Twenty more years of exceptionally cruel war—fought in Southern Sudan largely off camera and outside the attention span of most Westerners—caused the death of nearly two million people, and displaced three million. The displaced fled in all directions—toward Uganda, the Central African Republic, Kenya, Egypt and Ethiopia; internally toward Darfur and north to Khartoum; and some to Australia, Canada, and the United States.
Withholding power, religious freedoms, and economic advantages from the South by the Northern government continued through two coups. The current president of Sudan, Omar Hassan Al-Bashir, attained power in 1989 through one of the coups, dissolving political parties and violently dispatching opponents. Since 1989, as for so many years before, Sudan’s people have suffered from the cruelties of war in some way or another.
The war is not about religion. Washington Post reporter Emily Wax wrote that the long-running war between North and South had religious undertones mixed with the desire of the South to share in governance of Sudan. In Darfur the war is about the grab of resources by the most powerful from the least.
The war may be in part about a long-running political battle between Sudanese president Al-Bashir and one of his chief rivals, Hassan al-Turabi. This suggestion of Emily Wax points to the complicated braid of Sudan’s politics. A former speaker of parliament and college professor, Turabi headed—and continues to influence—an Islamist approach to reform and transformation in Sudan, according to Alex de Waal.
The war is regional and international, not simply local rebel groups fighting an autocratic government. Arming the government-backed militias are Chad, Nigeria, Cameroon, Niger, and the Central Republic of Africa. Located both in South Sudan and in South Darfur are large reserves of oil. Oil is a key resource that the North does not have and the South does. Farther afield, China is a huge buyer of Sudanese oil, controlling between 60% and 80% of Sudan’s total oil production. US oil companies pulled out of Sudan when Omar Al-Bashir took power in 1989.
Summary of Key Issues
• High intensity conflict. The comprehensive peace agreements of 2005 and 2008 have not stabilized Northern and Southern Sudan. Conflicts continue among many groups.
• Widespread displacement. As of April 2009 all of Sudan’s neighbors—Chad, Ethiopia, Kenya, Central African Republic, Democratic Republic of the Congo, and Uganda—were providing shelter for almost five million Sudanese refugees.
• Destruction of livelihood. Displacement not only destabilizes a region. It also results in the destruction of livelihoods. As a result, the lack of access to basic necessities such as food staples, soap, firewood, and water has soared.
• Chronic drought and climate change. In 2008 world food prices hit highs that had not been seen since the late 1970s. This, coupled with poor rainy seasons caused by the changes in global climate in many areas of Sudan, created water and food shortages, according to Gerard Prunier in A 21st Century Genocide, a history of the conflict in Darfur.
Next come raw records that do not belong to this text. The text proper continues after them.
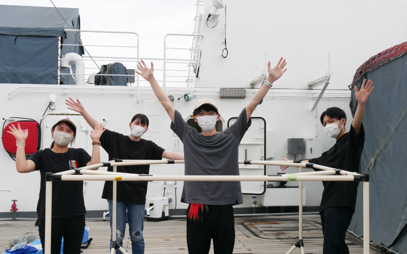6月18日から7月3日、水産学部は附属練習船「かごしま丸」を利用し、線状降水帯のメカニズム解明研究のために東シナ海上の集中観測に参加しました。この集中観測は、九州付近に流入して線状降水帯発生の主要因となる水蒸気量の正確な測定を行うとともに、黒潮の暖水域が東シナ海上の大気環境に与える影響を調べるもの。気象研究所が中心となり、本学を含めた大学等の14機関が連携して集中観測を実施し、そのデータを共有することで予測精度の向上に貢献することが目的です。研究グループの学生らに加え、水産学部の乗船実習の一環として水産学部3年生も観測に取り組みました。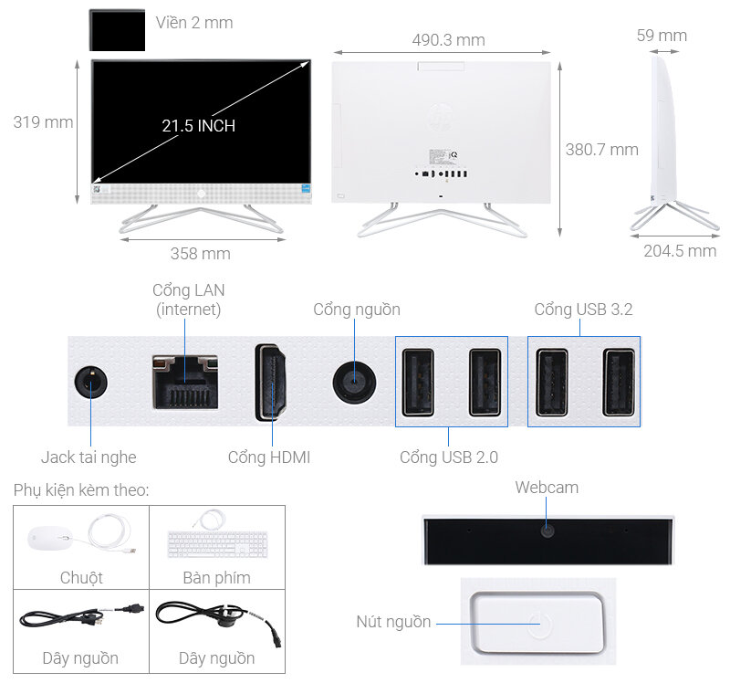 Thông số kĩ thuật Máy tính để bàn HP 22-dd2045d 9A8M7PA - Intel Core i3 1215U, RAM 8GB, SSD 256GB, Intel UHD Graphics, 21.5 inch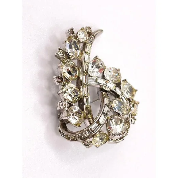 VtgRhinestone Brooch Baguette Round Oval Cut Crystals Huge Stunning 1940s Pin Vintage Costume Jewelry We have several rhinestone/crystal brooches in our vintage collection of...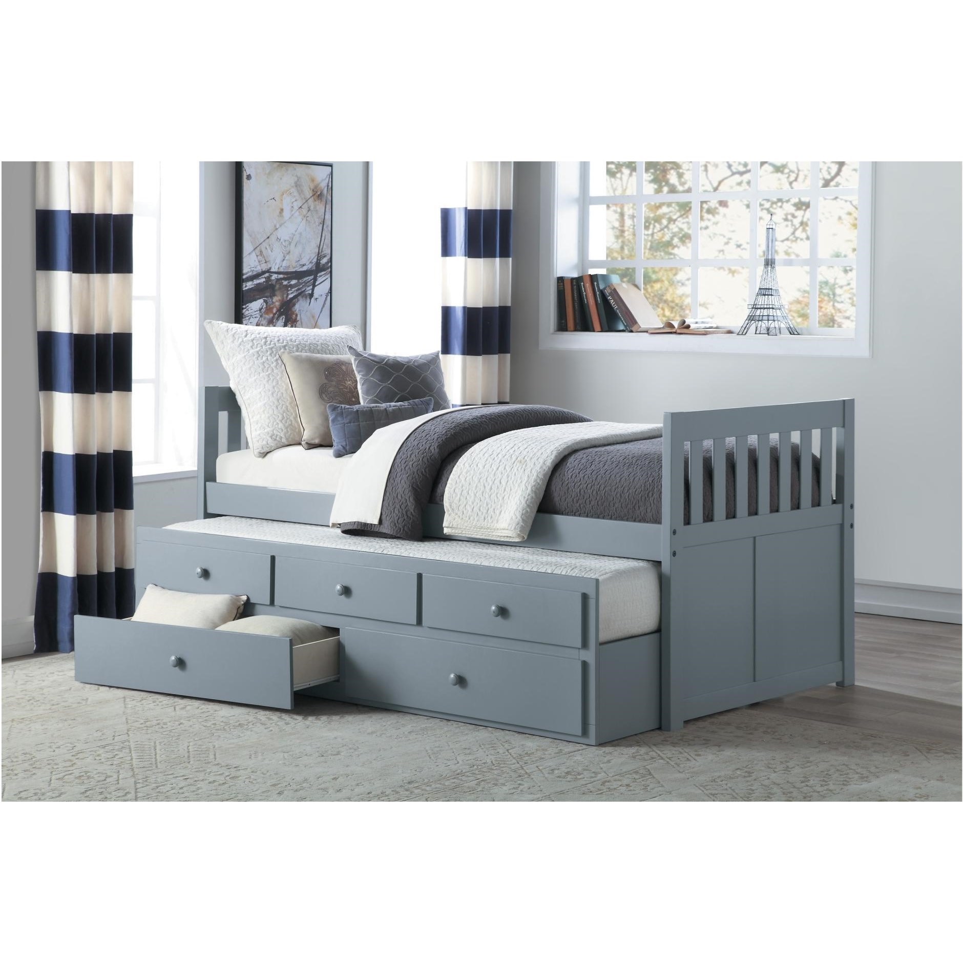 Twin Captain S Bed Storage Daybed With Trundle And Drawers For Kids Guests Grey Amazon In Home Kitchen

• Additional strains on resources. In early- to mid-2005 some 285,000 people were displaced by the 21-year civil war began returning to their Southern Sudan homes. These migrations placed considerable strain on resource-deficient communities of the South.
• Difficulty of consensus. Gaining consensus on how to solve the many issues of land use, power sharing, and conflict resolution has been difficult to the point of catastrophe.
• Crippling poverty. Poverty has crippled all Sudanese, perhaps especially those who lost animals to the droughts.